In USGS-R/intersectr: Spatiotemporal Intersections

r knitr::opts_chunk$set( collapse = TRUE, comment = "#>", fig.width=6, fig.height=4 ) options(scipen = 9999) library(magrittr) library(intersectr)

This is a complete demo showing a workflow implemented with intersectr compared to the same workflow implemented with geoknife.

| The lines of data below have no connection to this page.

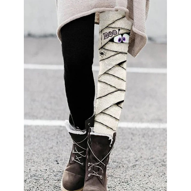 Women's Leggings Vacation Vintage Fashion Ankle-Length High Waist Graphic Monster Printing Soft Breathable Stretchy Formal Outdoor Vacation Black Green Ash Black and Dark Gray Black 1# Spring Fall
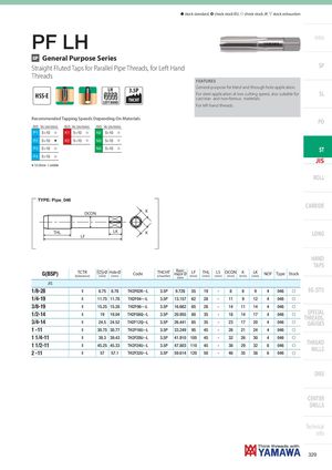 h stock standard, ) check stock EU, f check stock JP, m stock exhaustion PF LH Intro GP General Purpose Series Straight Fluted Taps for Parallel Pipe Threads, for Left Hand SP Threads FEATURES LH 3.5PHSS-ELEFT HANDTHCHT General purpose for blind and through hole application.For steel application at low cutting speed, also suitable for SLcast iron and non-ferrous materials.For left hand threads. Recommended Tapping Speeds Depending On Materials PO ISO Vc (m/min) ISO Vc (m/min) ISO Vc (m/min) P1 5÷10 I K1 5÷10 I N2 5÷10 I P2 5÷10 H K2 5÷10 I N3 5÷10 I P3 5÷10 I N4 5÷10 I ST P4 5÷10 I JIS H 1st choice I suitable ROLL JIS-PF LH TYPE: Pipe_046 CARBIDE DCON K THL LK KLF LONG HAND TAPS G(BSP) TCTR Ø Hole Ø(tolerance)(mm)(mm)CodeTHCHT(chamfer)Basicmajor Ø(mm)LF(mm)THL(mm)LSDCON K(mm)(mm)(mm)LK(mm)NOFType Stock JIS 1/8-28 II 8.75 8.78 TH2F02K--L 3.5P 9.728 55 19 - 8 6 9 4 046 f EG (STI) 1/4-19 II 11.75 11.78 TH2F04---L 3.5P 13.157 62 28 - 11 9 12 4 046 f 3/8-19 II 15.25 15.28 TH2F06---L 3.5P 16.662 65 28 - 14 11 14 4 046 f 1/2-14 II 19 19.04 TH2F08Q--L 3.5P 20.955 80 35 - 18 14 17 4 046 f SPECIALTHREADS, 3/4-14 II 24.5 24.52 TH2F12Q--L 3.5P 26.441 85 35 - 23 17 20 4 046 f GAUGES 1 -11 II 30.75 30.77 TH2F16U--L 3.5P 33.249 95 45 - 26 21 24 4 046 f 1 1/4-11 II 39.3 39.43 TH2F20U--L 3.5P 41.910 105 45 - 32 26 30 4 046 f 1 1/2-112 -11 II 45.25 45.33 TH2F24U--L 3.5P 47.803 110 45 - 38 29 32 6 046 f THREADMILLSII5757.1TH2F32U--L3.5P59.61412050-4635386046f DIES CENTER DRILLS Technical info 329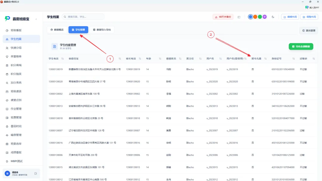霹雳班级宝的学生档案系统,打破了 Excel 的 “信息孤岛”,将学生的所有信息整合为 “一站式数字画像”:基础信息一键录入:姓名、性别、出生日期、家庭联系方式等基础数据,可批量导入或单个添加,避免 “信息遗漏”;动态标签自动关联:刘老师不再需要手动在表格里标注 “内向”“数学薄弱”“体育特长”,而是通过系统预设的标签库,或自定义标签,在日常管理中随时添加 —— 比如发现学生 “主动帮助同学”,就在档案里添加 “乐于助人” 标签;数学测试连续两次失分率超 30%,系统自动关联 “数学薄弱” 标签;多维度数据自动同步:学生的出勤记录(来自课堂点到功能)、作业完成情况(来自作业管理功能)、积分变动(来自加分系统)、成绩数据(来自成绩看板),都会自动同步到学生档案,无需手动录入。“现在我录入一名学生的信息,只需要在霹雳班级宝里操作一次,所有相关数据都会自动关联。” 老师演示道,“比如查看学生小宇的档案,一屏就能看到:基础信息(10 岁,单亲家庭)、个性标签(内向、逻辑思维强、英语薄弱)、行为记录(本周出勤全勤,2 次未完成数学作业,3 次课堂发言加分)、成绩趋势(近三次测试英语成绩从 72 分提升至 85 分),再也不用切换多个表格了。”第二步:智能查询筛选,效率提升 10 倍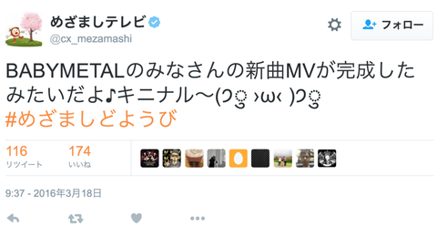 BABYMETALまとめもりー 全1979件取得 42/66 前の30件 次の30件 2016年3月21日6358 まとめ BABYMETALまとめもりー 天才的な歌唱力!難曲、悪夢の輪舞曲を歌いこなすSU-METALの凄さとは 0 0 0 2016年3月21日6348 まとめ BABYMETALまとめもりー BABYMETAL単独ウェンブリー公演前にリハを兼ねたライブってやらないのかな? 0 0 0 2016年3月21日6344 まとめ BABYMETALまとめもりー ハロヲタ「BABYMETALの新曲『KARATE』MVが2日で再生数100万回突破!祝おう!」 0 0 0 2016年3月20日6337 まとめ BABYMETALまとめもりー 【祝】BABYMETAL『KARATE』YouTube総再生数が遂に100万回を突破!勢いが止まらない! 0 0 0 2016年3月20日6328 まとめ BABYMETALまとめもりー 中国版ニコニコ動画のBABYMETAL「KARATE」のコメント弾幕がカオス過ぎるwwwww 0 0 0 2016年3月20日6326 まとめ BABYMETALまとめもりー BABYMETAL「KARATE」MV新規だけど最高!「生で聞いたら泣きながらヘドバンする」 0 0 0 2016年3月20日6322 まとめ BABYMETALまとめもりー BABYMETAL『KARATE』YouTube総再生数が80万回を突破!本日中には100万行くか? 0 0 0 2016年3月20日6315 まとめ BABYMETALまとめもりー BABYMETALの2ndアルバムはももクロの2ndアルバム初動(17万枚)を超えるのか!? 0 0 0 2016年3月20日6308 まとめ BABYMETALまとめもりー BABYMETAL新アルバムで唯一流出されていない曲『シンコペーション』ってどんな曲? 0 0 0 2016年3月19日6303 まとめ BABYMETALまとめもりー BABYMETAL『KARATE』YouTubeの再生数が65万回を突破!勢いが衰えない! 0 0 0 2016年3月19日6290 まとめ BABYMETALまとめもりー BABYMETALの3人が「KARATE」MV撮影について語るというファンのネタレスが面白い 0 0 0 2016年3月19日6277 まとめ BABYMETALまとめもりー 【動画】フジ『みんなのニュース』でBABYMETAL KARATE&ベビメタレコードについて放送! 0 0 0 2016年3月19日6275 まとめ BABYMETALまとめもりー 【動画】めざましテレビでBABYMETAL『KARATE』MVについて放送!ベビメタ 空手を世界へ 0 0 0 2016年3月19日6262 まとめ BABYMETALまとめもりー ハロヲタ「BABYMETALの新曲『空手』が普通にカッコ良いMVなんやが」 0 0 0 2016年3月19日6249 まとめ BABYMETALまとめもりー 『Music Choice』よりBABYMETALの動画が公開!SU-METALが英語で喋る10秒をどうぞ 0 0 0 2016年3月18日6245 まとめ BABYMETALまとめもりー 2016年1月時点でのBABYMETAL新曲予想が面白い「シングルカットするならどの曲?」 0 0 0 2016年3月18日6232 まとめ BABYMETALまとめもりー 明日19日(土)のめざましテレビにBABYMETAL!「新曲MVが完成したみたいだよ♪キニナル〜」 0 0 0 2016年3月18日6226 まとめ BABYMETALまとめもりー BABYMETAL特集!「M-ON」で3/28(月)16:30〜に『ベビメタ特集』が放送! 0 0 0 2016年3月18日6215 まとめ BABYMETALまとめもりー BABYMETAL『KARATE』MVが公式YouTubeにて解禁!1時間で3万回再生を突破! 0 0 0 2016年3月18日6202 まとめ BABYMETALまとめもりー 【HD動画】BABYMETAL『KARATE』のMVが動画サイトにアップ!KARATEかっけええええええ 0 0 0 2016年3月18日6199 まとめ BABYMETALまとめもりー BABYMETAL THE ONE限定イベント開催決定!舞台は新木場Studio Coast! 0 0 0 2016年3月18日6196 まとめ BABYMETALまとめもりー 【動画】BABYMETAL THE ONE『選ばれし1名の為だけに行われた聖なる儀式の様子』が公開! 0 0 0 2016年3月18日6183 まとめ BABYMETALまとめもりー 日本でも海外でもPerfumeがBABYMETALより売れていてアミューズの世代交代が失敗してる件 0 0 0 2016年3月17日6169 まとめ BABYMETALまとめもりー BABYMETAL『ミュージックマガジン4月号』に2ndアルバムの作詞&作曲編曲情報が記載! 0 0 0 2016年3月17日6161 まとめ BABYMETALまとめもりー 【当落発表】BABYMETALウェンブリー公演LV ZEPP東京当選者多数? 0 0 0 2016年3月17日6158 まとめ BABYMETALまとめもりー BABYMETALがエンタメ冊子『MC(ミューズクリップ)』次号予告に登場!全国で無料配布! 0 0 0 2016年3月17日6151 まとめ BABYMETALまとめもりー 【動画】ファミコン世代にはたまらない!BABYMETALの8bit音源が良いと話題に 0 0 0 2016年3月17日6148 まとめ BABYMETALまとめもりー BABYMETAL掲載『CD&DLでーた4月号』の評価が高い件「近年稀に見る神雑誌」 0 0 0 2016年3月17日6145 まとめ BABYMETALまとめもりー BABYMETALやPerfumeってなんで握手無しで成立してるの?利益少なそうなのに・・・ 0 0 0 2016年3月16日6141 まとめ BABYMETALまとめもりー BABYMETAL表紙『日経エンタテイメント5月号』Amazonで予約開始!4月4日発売!よんよん 0 0 0 ホーム BABYMETALまとめもりー 全1979件 前の30件 次の30件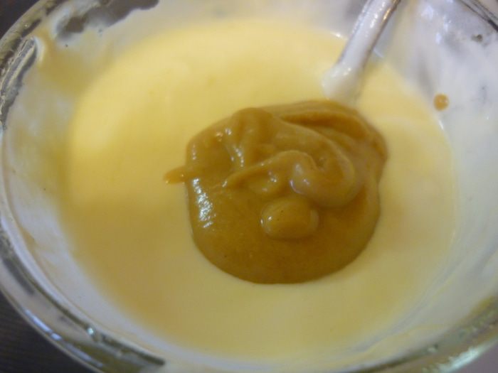 Майонез смешиваем с горчицей. Вот тут то и проявится сила духа))))
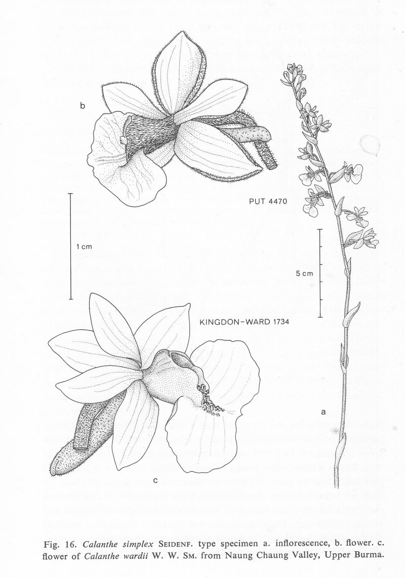 References W3 Tropicos, Kew Monocot list , IPNI ; *Dansk Botanisk Arkiv Orchid Genera in Thailand I Calanthe Seidenfadden 1975 drawing fide to drawing; Flora of China Vol 25 Zhengyi, Raven & Deyuan 2009; Flora of China Illustrations Vol 25 Zhengyi, Raven & Deyuan 2010 drawing fide; The Genus Calanthe Clayton & Cribb 2013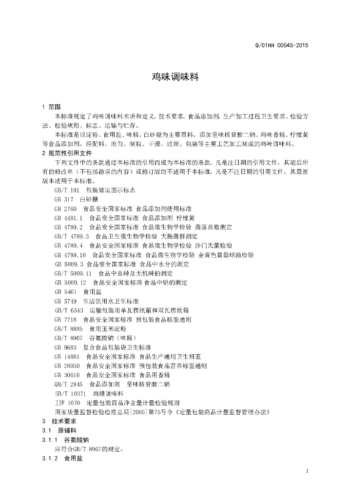 Q/01HH 0004S-2015 济南市长清区恒辉调味品厂 鸡味调味料
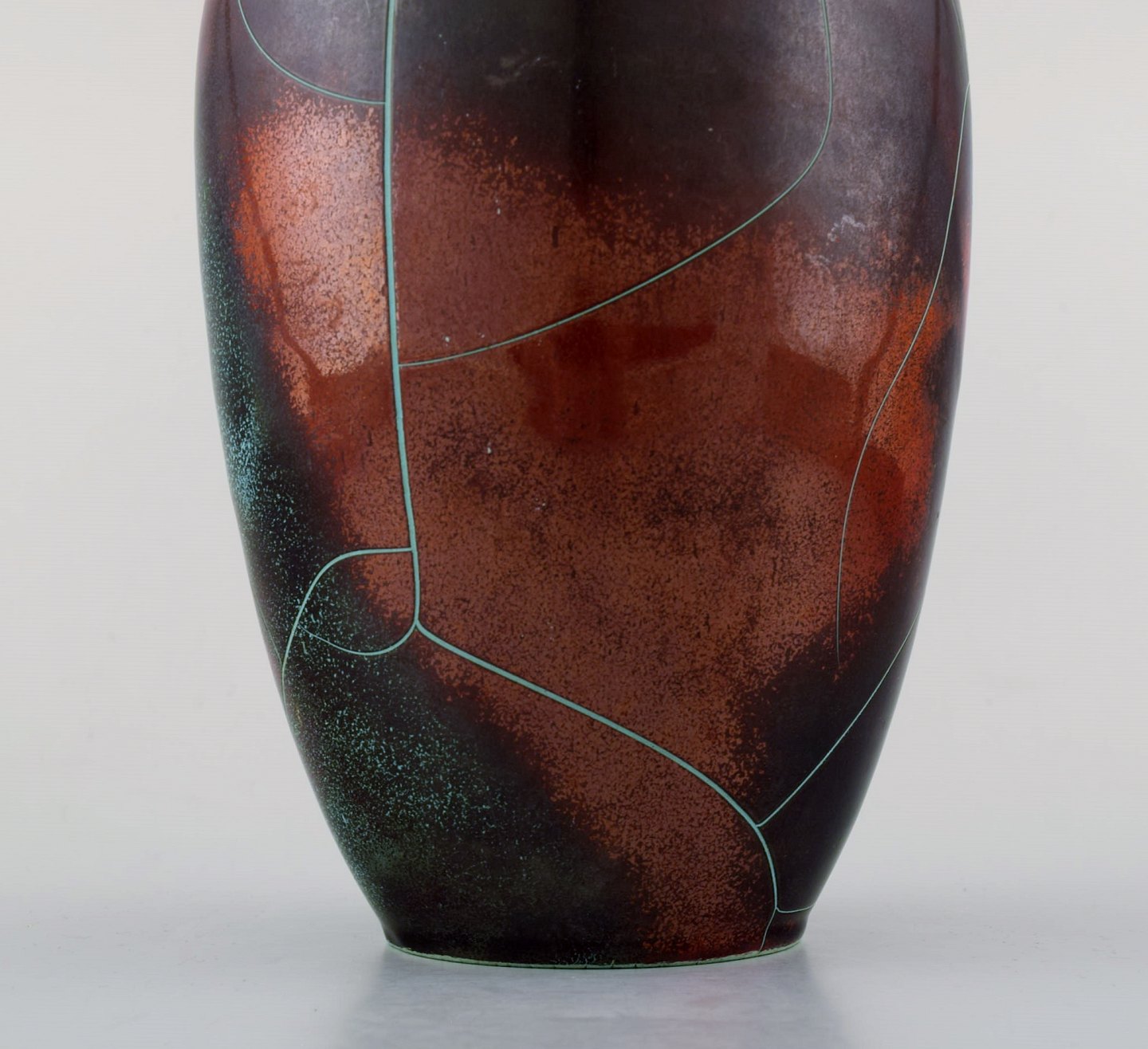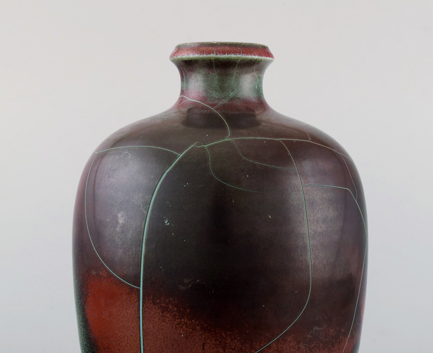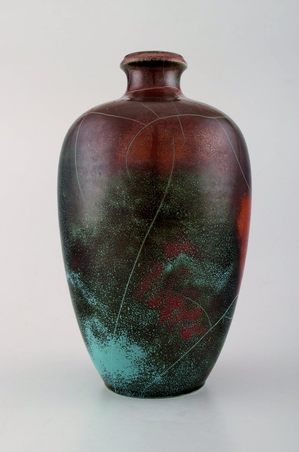 Richard Uhlemeyer, tysk keramiker. Keramikvase, smuk krakeleret glasur i grøn røde nuancer. Tyskland, 1950´erne. Måler 26,5 cm. x 16 cm. I perfekt stand. Stemplet.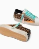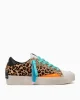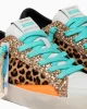 - Parte superior de piel de becerro con estampado de leo y detalles de charol en color naranja fluorescente y brillo dorado.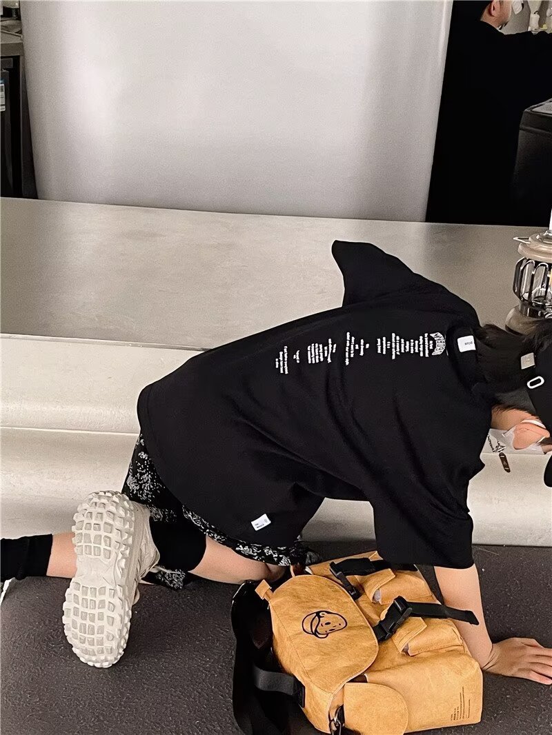潮牌美式短袖T恤男生夏季新款小众设计感百搭时尚印花休闲上衣服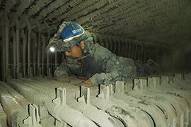 管排余溫散發(fā)熱浪,動一下粉塵便像揚沙一樣落下,眼前一片迷離。借著爐膛內頭燈的照明,能清晰看到在他們睫毛上落定的塵埃......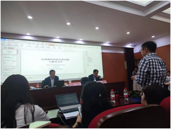 石中英教授首先从“后疫情时代”出发引出人们对疫情认识、判断、争论等真相问题的反思,如疫情的来源以及疫情爆发的特定族群等真相问题。其次,石中英教授从疫情的严峻程度、应对的迫切性、时间的紧迫性、问题的多样性以及政治的复杂性这五个方面阐述新冠病毒疫情期间真相问题为什么如此严重。再次,石中英教授描述了“后真相”的内涵及其社会基础,所谓“后真相”就是真相和逻辑在信息传播的过程中被忽视,而情感、流量煽动主导舆论的情形。并从关键特征、困境等方面对后真相时代进行了详细介绍。“片面真相”、“未知真相”、“主观真相”、“人造真相”值得人们警醒。接下来,石中英教授阐述了后真相时代的认识论基础:后现代主义真理观,并介绍了后真相、后现代真理危机的源头:无弊的真理。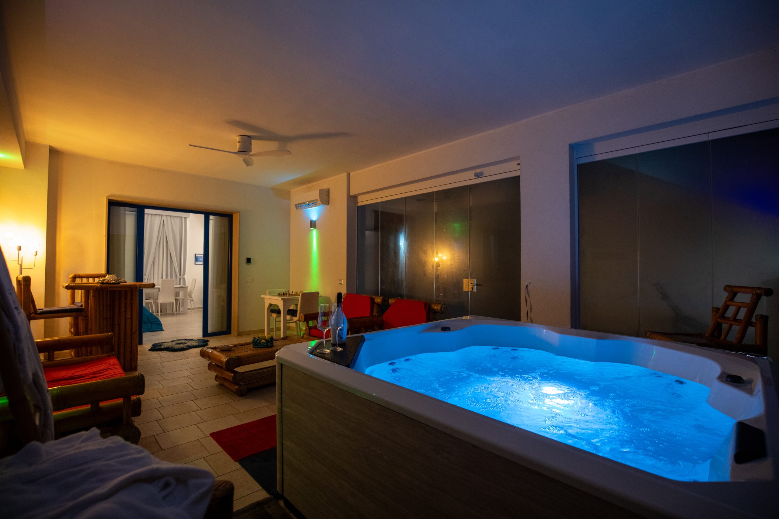Inoltre, la spa è dotata di una smart TV da 50", un tavolo da scacchi per un po' di svago mentale e un comodo salotto in bamboo tailandese, perfetto per un momento di puro relax.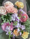 Летний авторский, ароматный букет с пионами Возможны незначительные замены в оттенках или составе, при этом общая цветовая гамма останется прежней. Если замена цветка будет значительной - мы обязательно согласуем с вами все детали.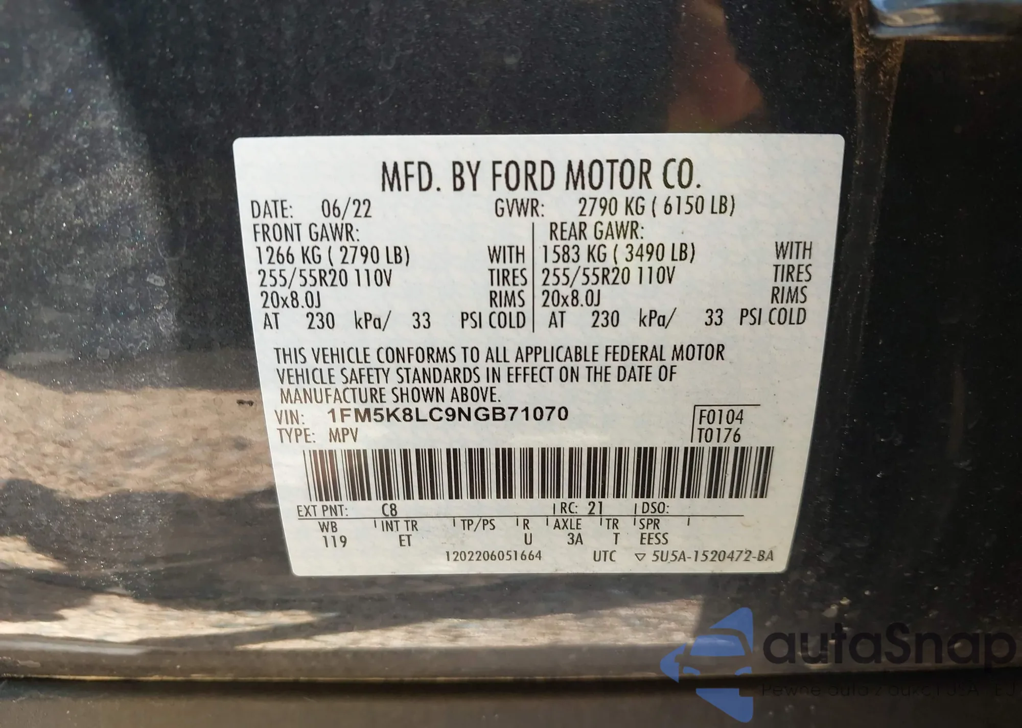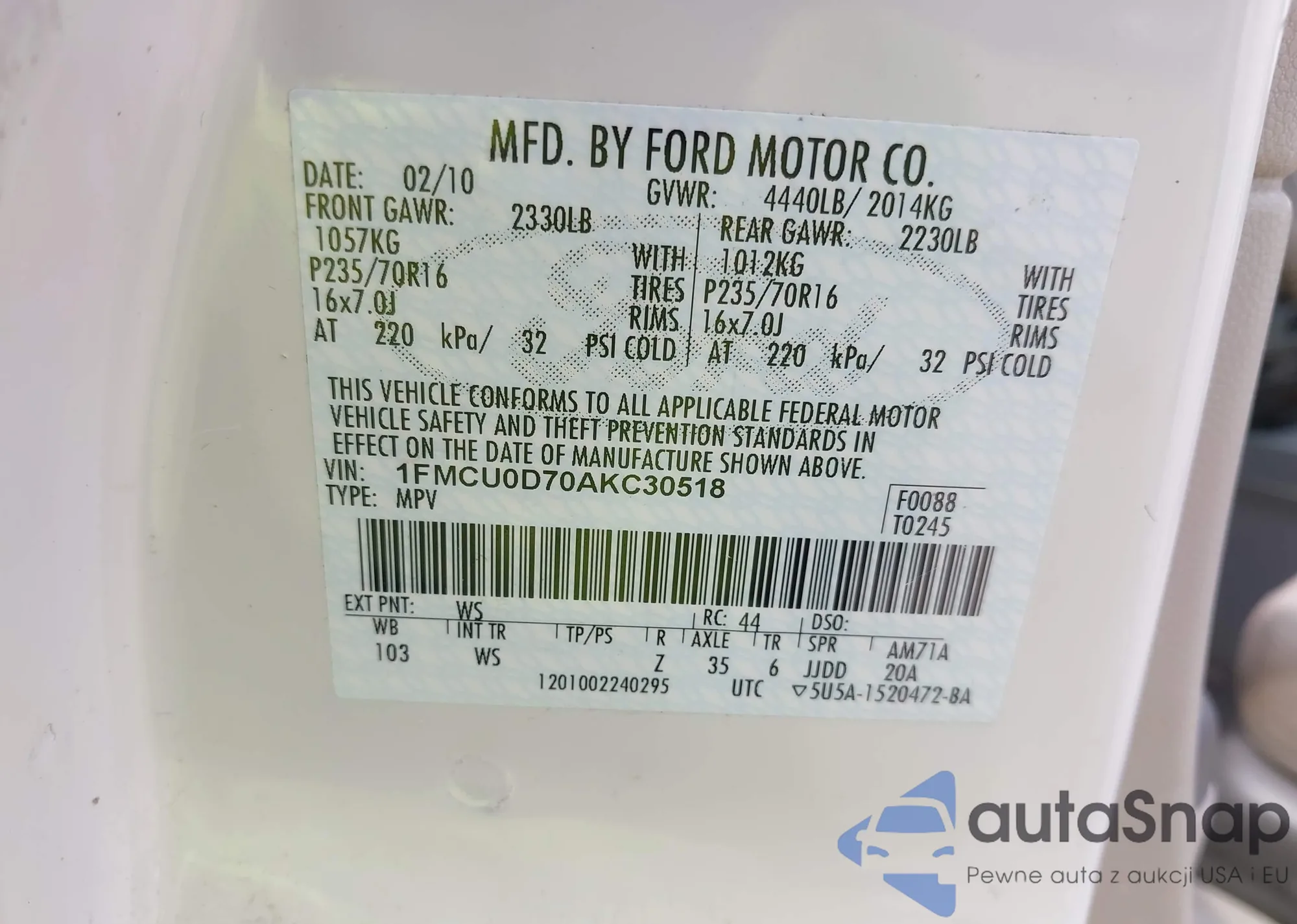 LOT: 42901990 VIN: 1FMCU0D70AKC30518

This both demonstrates intersectr and shows that we get the same answers as the well-vetted Geo Data Portal, as used by geoknife.

One of the primary goals of the package is to intersect gridded time series data with polygon geometries. For example, and as shown below, we can get time-series of area-weighed average monthly precipitation for counties in North Carolina from the PRISM source dataset that has a 4km - monthly resolution.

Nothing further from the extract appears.